It seems the usual answer to the OP is, "We have too little knowledge to know whether these appearances of history actually are history." Are there any other thoughts, or is that the only way to deal with it under the OP's constraints?


----------



## Contra_Mundum (Mar 20, 2012)

The "appearance of age" is, itself, an observation that is subject to constraints. Impossible-to-verify assumptions are made concerning "initial conditions."

Sometimes, it is stated that Adam (for example) had "the appearance of age." Which means what, exactly? Did he have a "scar" from when he ripped open a calf muscle in a childhood that never happened? Were all his body-cells "artificially" timed-out for replacement at different times _as if_ they had individual originations that varied? Did he have a "bellybutton?"

I think that a modicum of reflection will help sort the issues.

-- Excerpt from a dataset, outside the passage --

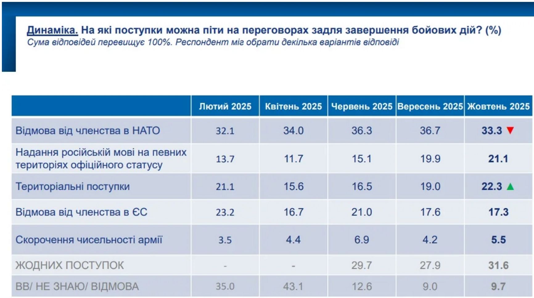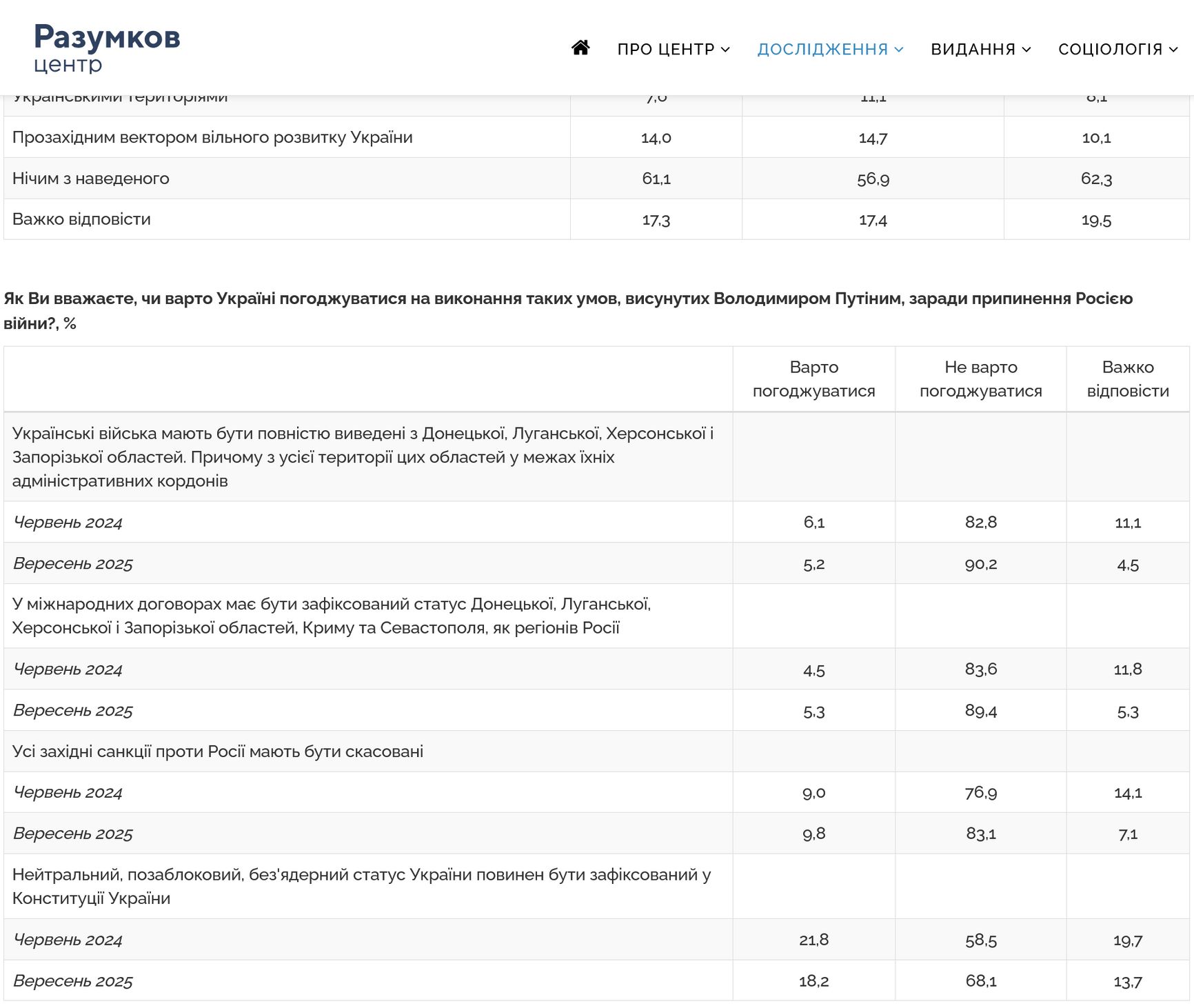 11 декабря Центр Разумкова опубликовал результаты исследования «Отношение граждан Украины к условиям, на которых должно осуществляться мирное урегулирование, и видение ими гарантий безопасности». Опрос был проведен 12–17 сентября. Вопрос сформулирован так: «Если бы это зависело от вас, чем бы вы были готовы поступиться во время переговоров с Россией»? Предложенные варианты ответа:

Its possible Adam didn't have a conventional "bellybutton," although that bodily feature's residual function would have to be performed somehow, if it was not present. If a body cannot function without one, then he must have been created fully grown having one. All the same, it was never umbilically attached to a mother, because Adam was a product of special creation, not natural generation.

The suggestion of a "scar," complete with false-memory, is almost sufficient in the statement itself to reveal the extreme position (or allegation) for the parody it is. So far as I know, there is no example that anyone can point to of God's having created the appearance of actual "history" that never took place. Mocking evolutionists have repeated legends of "stumped" creationists saying that God just created dinosaur bones in the mud to fool the unbelieving scientist--and maybe some people have actually latched on to such a view, genuine obscurantism defying material evidence. But rational explanations exist to explain what the dinosaurs were, and how their death and preservation of remains is consistent with a biblical read of history.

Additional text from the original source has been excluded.